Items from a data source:
-.-.-

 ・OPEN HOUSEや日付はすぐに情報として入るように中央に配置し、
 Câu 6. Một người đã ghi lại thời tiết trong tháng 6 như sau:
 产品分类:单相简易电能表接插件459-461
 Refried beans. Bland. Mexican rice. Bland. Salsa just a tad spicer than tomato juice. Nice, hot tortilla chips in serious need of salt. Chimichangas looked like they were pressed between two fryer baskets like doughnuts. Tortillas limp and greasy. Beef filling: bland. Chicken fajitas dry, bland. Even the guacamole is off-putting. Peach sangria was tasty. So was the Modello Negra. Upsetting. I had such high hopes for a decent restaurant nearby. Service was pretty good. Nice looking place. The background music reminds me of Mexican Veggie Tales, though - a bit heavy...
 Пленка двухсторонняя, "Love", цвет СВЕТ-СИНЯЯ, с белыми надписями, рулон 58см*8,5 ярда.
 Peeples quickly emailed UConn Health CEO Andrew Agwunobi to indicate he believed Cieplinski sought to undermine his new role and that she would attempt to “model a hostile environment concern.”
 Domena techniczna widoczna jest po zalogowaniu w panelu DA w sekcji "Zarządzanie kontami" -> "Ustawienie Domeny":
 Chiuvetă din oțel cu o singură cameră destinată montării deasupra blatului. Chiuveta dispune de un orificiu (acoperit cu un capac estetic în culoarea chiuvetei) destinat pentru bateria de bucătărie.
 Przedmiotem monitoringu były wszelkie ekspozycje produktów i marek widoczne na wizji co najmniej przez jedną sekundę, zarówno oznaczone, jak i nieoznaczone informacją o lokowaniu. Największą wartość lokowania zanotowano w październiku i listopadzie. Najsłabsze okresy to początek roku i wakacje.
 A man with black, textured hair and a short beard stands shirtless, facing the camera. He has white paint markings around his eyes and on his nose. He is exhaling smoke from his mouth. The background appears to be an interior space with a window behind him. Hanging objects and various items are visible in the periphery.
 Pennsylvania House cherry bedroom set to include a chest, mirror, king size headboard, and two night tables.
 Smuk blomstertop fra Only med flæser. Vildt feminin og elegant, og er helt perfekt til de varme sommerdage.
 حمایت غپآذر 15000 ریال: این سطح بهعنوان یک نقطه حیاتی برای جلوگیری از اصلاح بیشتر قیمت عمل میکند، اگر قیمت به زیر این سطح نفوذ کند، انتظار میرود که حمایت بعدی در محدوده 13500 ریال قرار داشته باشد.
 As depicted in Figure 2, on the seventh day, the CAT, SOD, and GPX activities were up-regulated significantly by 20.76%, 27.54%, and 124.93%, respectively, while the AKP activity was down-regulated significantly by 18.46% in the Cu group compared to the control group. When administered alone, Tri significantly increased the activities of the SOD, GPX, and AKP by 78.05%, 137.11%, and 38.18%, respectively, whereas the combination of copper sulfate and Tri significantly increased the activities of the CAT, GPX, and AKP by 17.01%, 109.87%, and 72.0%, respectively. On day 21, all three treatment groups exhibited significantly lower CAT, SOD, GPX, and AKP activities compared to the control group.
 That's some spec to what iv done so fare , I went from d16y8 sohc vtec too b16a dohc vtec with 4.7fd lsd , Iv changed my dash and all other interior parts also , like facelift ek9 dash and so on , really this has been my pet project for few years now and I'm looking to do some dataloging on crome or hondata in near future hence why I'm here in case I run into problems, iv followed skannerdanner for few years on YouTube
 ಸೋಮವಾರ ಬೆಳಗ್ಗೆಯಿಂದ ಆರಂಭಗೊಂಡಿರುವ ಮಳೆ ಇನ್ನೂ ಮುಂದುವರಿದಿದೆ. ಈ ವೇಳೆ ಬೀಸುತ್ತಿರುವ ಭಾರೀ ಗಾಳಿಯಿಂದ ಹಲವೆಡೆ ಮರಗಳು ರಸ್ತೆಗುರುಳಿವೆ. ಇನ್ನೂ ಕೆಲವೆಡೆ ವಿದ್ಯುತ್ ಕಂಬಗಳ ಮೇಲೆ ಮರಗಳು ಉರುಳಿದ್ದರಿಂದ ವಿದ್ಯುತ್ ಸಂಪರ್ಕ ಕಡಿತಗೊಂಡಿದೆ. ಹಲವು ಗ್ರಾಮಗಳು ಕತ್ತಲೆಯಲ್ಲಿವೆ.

-.-.-

Task prompt:
What you give back must be the stretch above, starting at the line with "рулон 58см*8,5 ярда." and ending at the line with "Domena techniczna widoczna", copied exactly.

Solved exercise:
 Пленка двухсторонняя, "Love", цвет СВЕТ-СИНЯЯ, с белыми надписями, рулон 58см*8,5 ярда.
 Peeples quickly emailed UConn Health CEO Andrew Agwunobi to indicate he believed Cieplinski sought to undermine his new role and that she would attempt to “model a hostile environment concern.”
 Domena techniczna widoczna jest po zalogowaniu w panelu DA w sekcji "Zarządzanie kontami" -> "Ustawienie Domeny":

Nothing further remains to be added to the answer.